This is the leetcode problem from a recent contest: https://leetcode.com/problems/minimum-number-of-seconds-to-make-mountain-height-zero/
For some reason, this solution gives a TLE: https://ideone.com/00tSfJ.
I have an alternative solution which passes, my question is why does the above solution give TLE?
This solution should not be giving TLE because:
-the while loop can have upto 56 turns (since 2^56 > 1e8 * 1e8)
-the for loop upto 10^4 turns
-and, the map.upper_bound() would take 17 turns (since, log_base2(2^17) > log_base2(10^5) > log_base2(no. of items in map))
So overall, 9.52 * 10^6 operations. But I still get a TLE here. Please help me understand this better.

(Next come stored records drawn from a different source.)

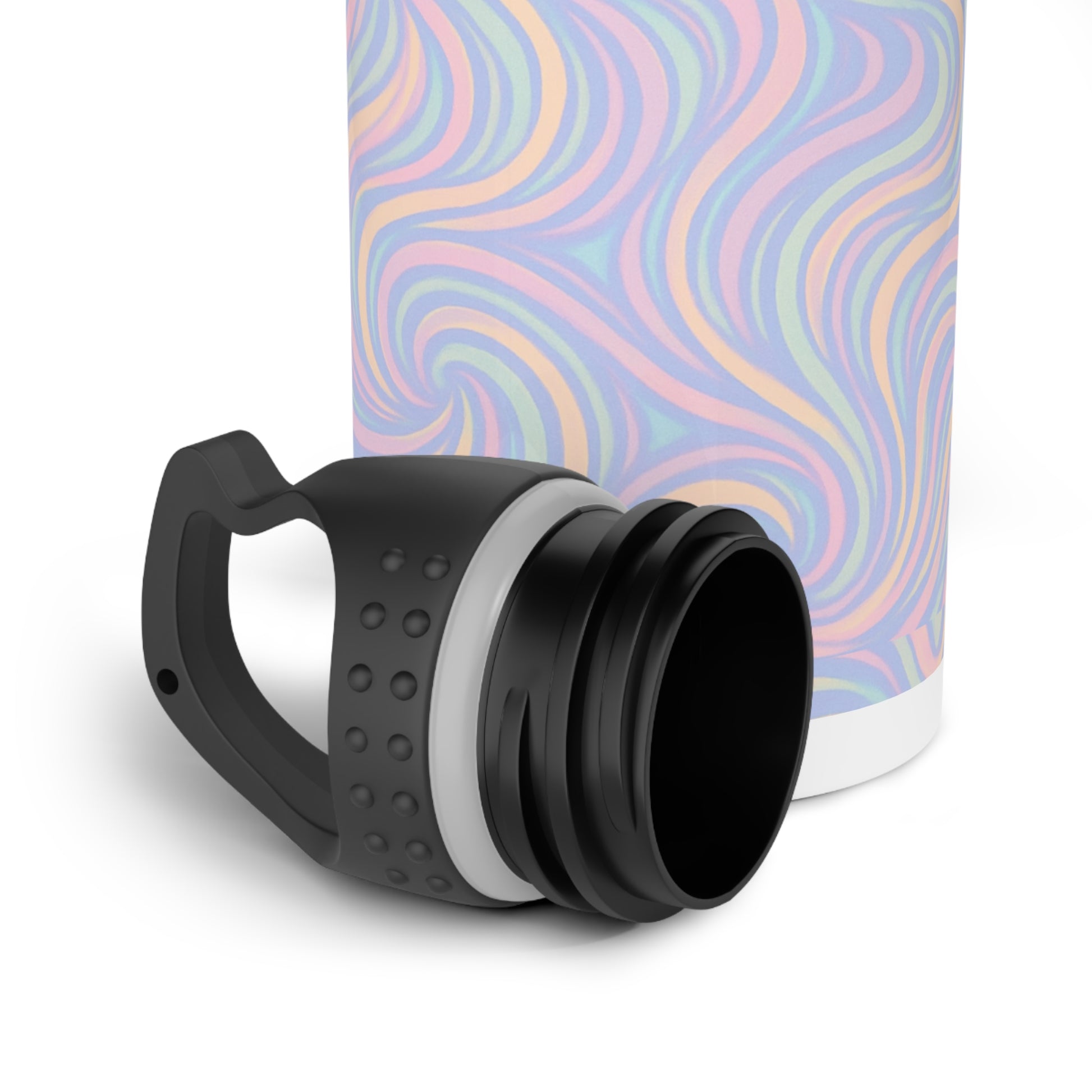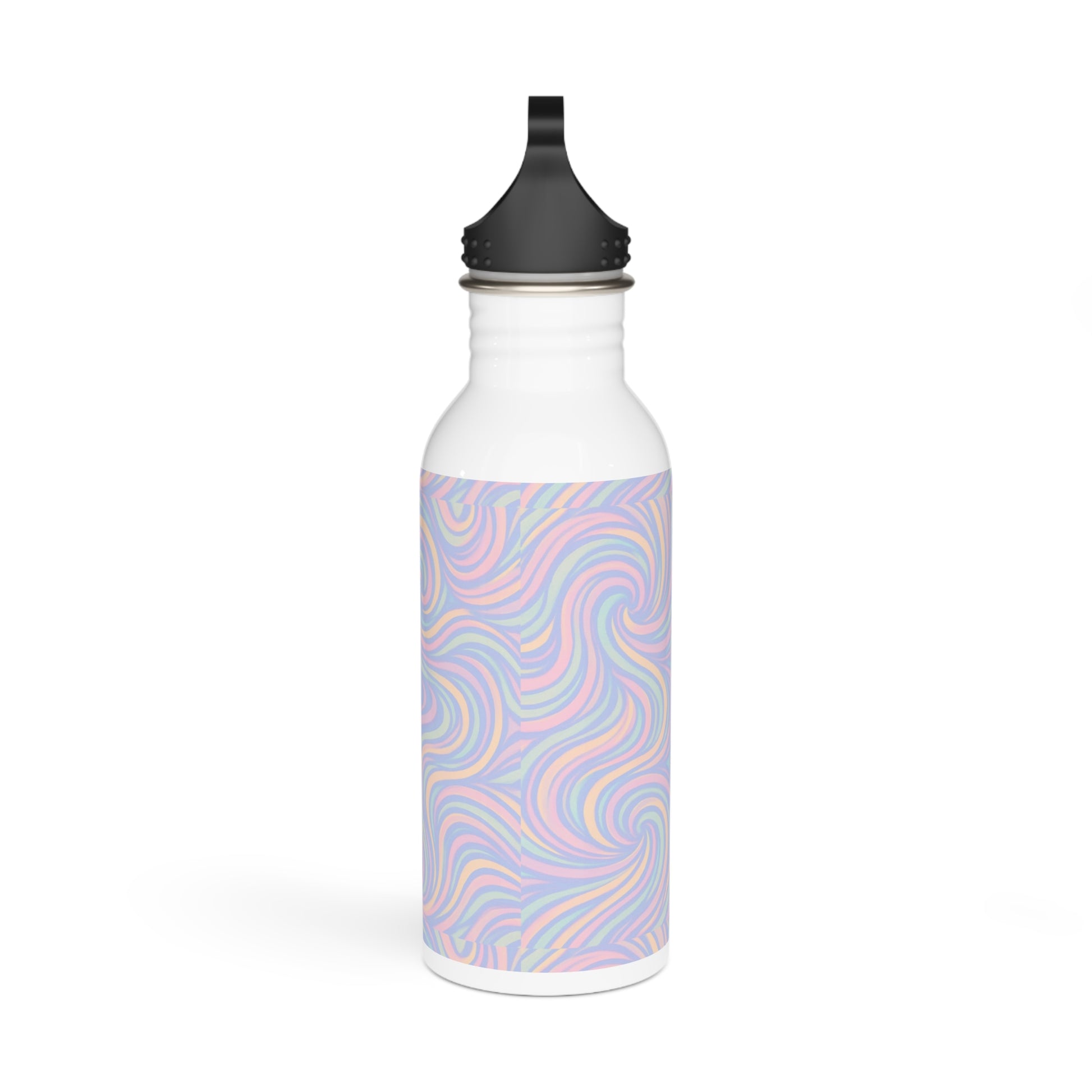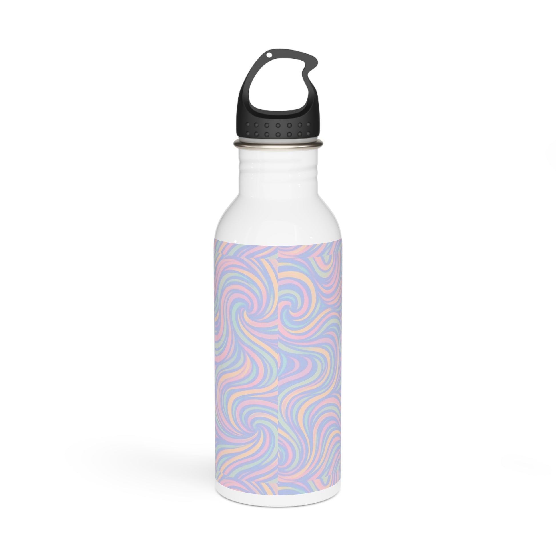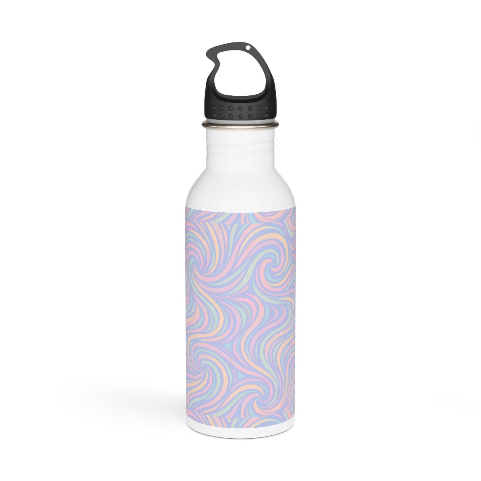 A stainless steel water bottle featuring a pastel swirl design that exudes a calming and serene vibe. Perfect for those who want to stay hydrated in style and enjoy a touch of whimsy in their everyday routine. Ideal for eco-conscious individuals, fitness enthusiasts, and nature lovers. Relevant for Earth Day, Yoga Day, or as a thoughtful gift for someone special.
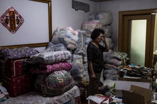 受骗老人吴老太在家中收拾行李,房子被二次过户后,新房主要求她在三天之内搬走。赵赫廷/摄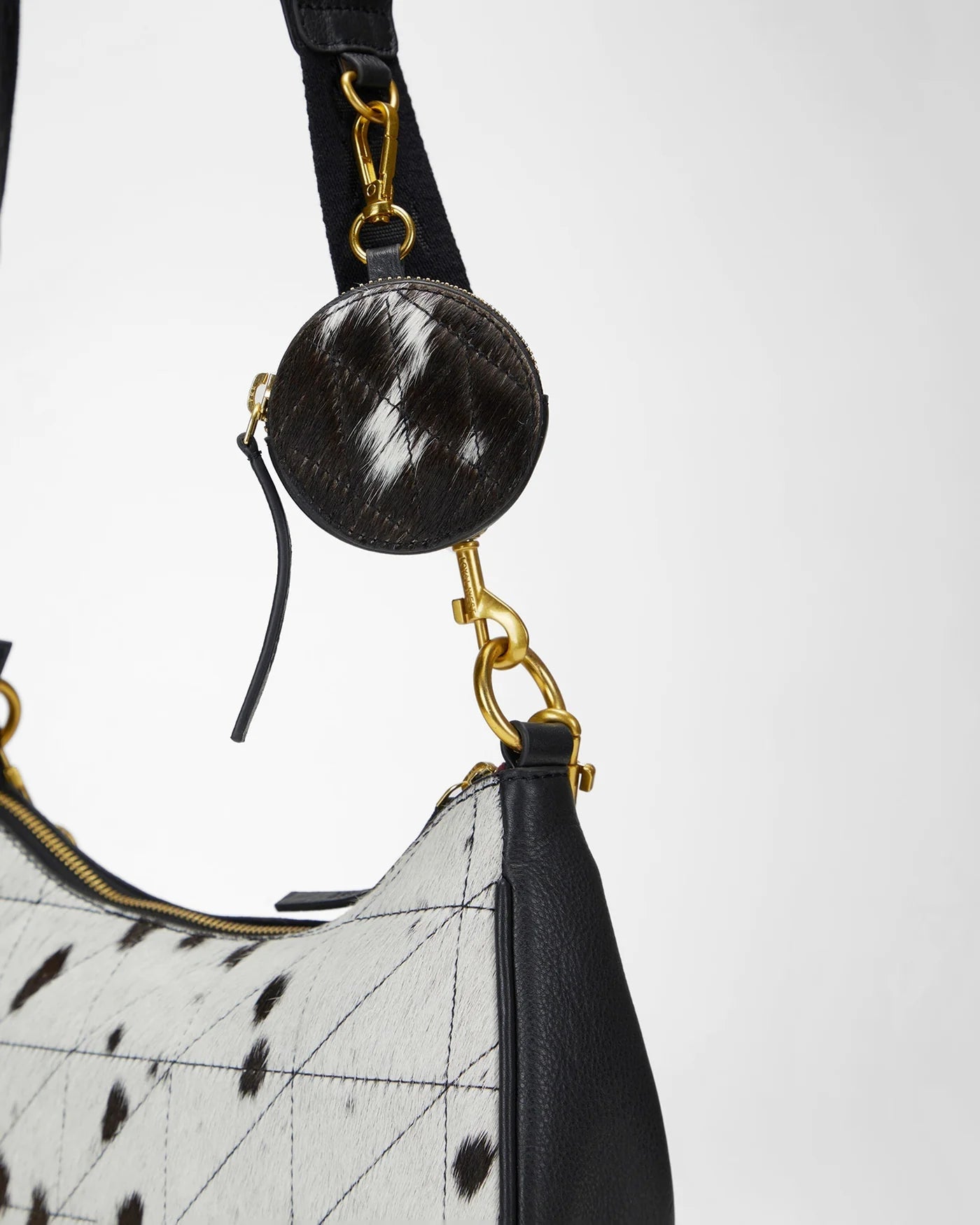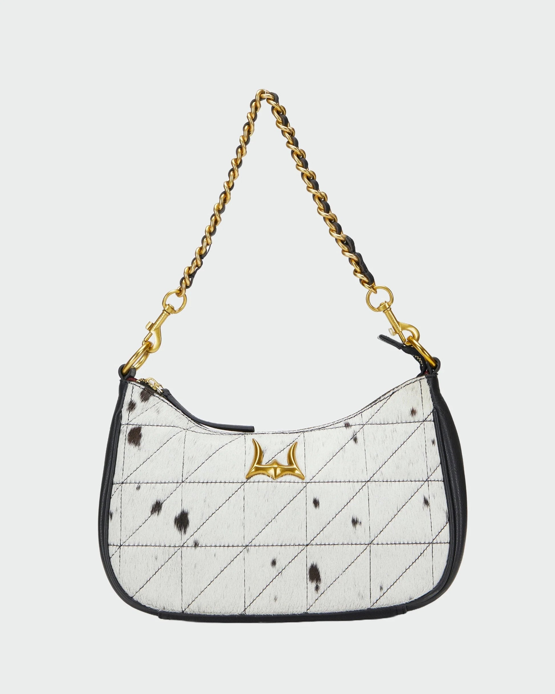 The Loyal West Joe Quilted Nappa Leather Bag in black and white cowhide seamlessly blends contemporary design with expert craftsmanship. Its distinctive quilted cowhide pattern offers a unique visual appeal, while the supple nappa leather ensures a sophisticated, tactile experience. Equipped with a durable strap and polished hardware, this bag balances elegance with functional durability, making it an ideal accessory for both everyday use and special occasions.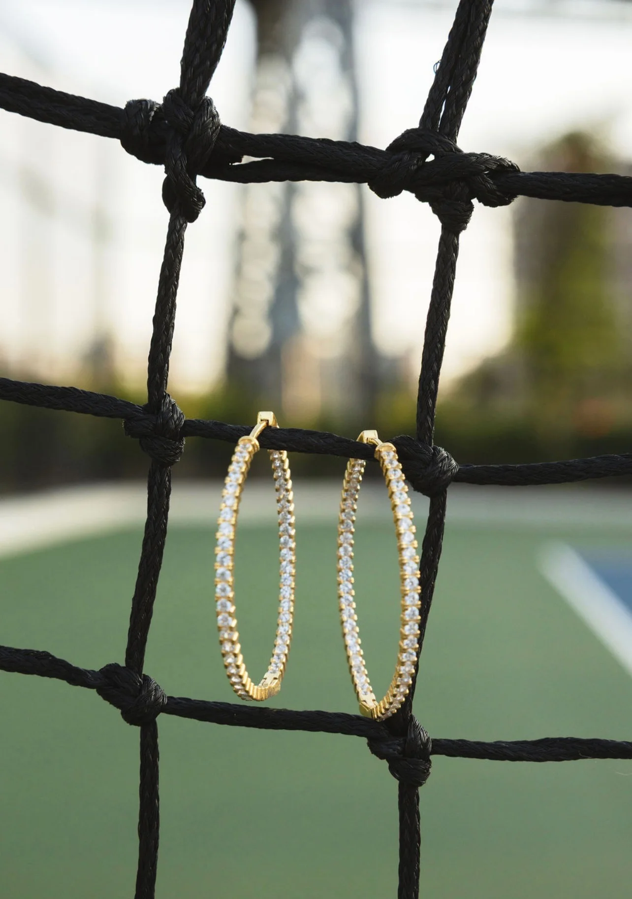 TheĀ Match Point HoopsĀ Are inspired by the elegance and energy of the tennis court, these hoops are designed to shine from day to night. Crafted with high-quality CZ diamonds, they capture the brilliance of a perfect serve and the finesse of a well-played match. Whether you're court side or city-bound, these hoops bring a sporty edge to your stack.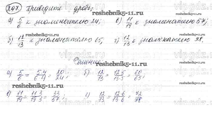 Готовая домашняя работа с ответами по Математике за 6 класс Виленкин, Жохов, Чесноков, Шварцбурд Учебник Мнемозина 2014 ФГОС - §2. Сложение и вычитание дробей с разными знаменателями 297

PS: I know that above is a simplification because complexity represents order of growth with respect to input size but I still don't see why the above solution should not pass.
Why would you use a map to store it? you can use binary search to find it in log, while with lower constant factor, or you can find it in O(1) with some math.
I did find it in O(1), my question is why this solution fails when it still falls within the limits of total calcs allowed on Leetcode.
I think one of the following happened:
a) There's a part of your code that causes undefined behavior, causing the program to crash (giving TLE)
b) The constant factor of the map is simply too large
a. If you are referring to the part where I decrement an iterator after doing upper_bound(), i.e., it-- would always exist based on the constraints of the problem input.
b. I would think that the high constant factor of map would come into play when a huge number of inserts and deletes are done on a map (as memory needs to be allocated/deallocated, balancing needs to be done). But here the map operation that's being done large number of times is upper_bound, which shouldn't give a high constant factor.
If constant factor is the reason here, which operation in the solution is leading up to it? Please help me understand.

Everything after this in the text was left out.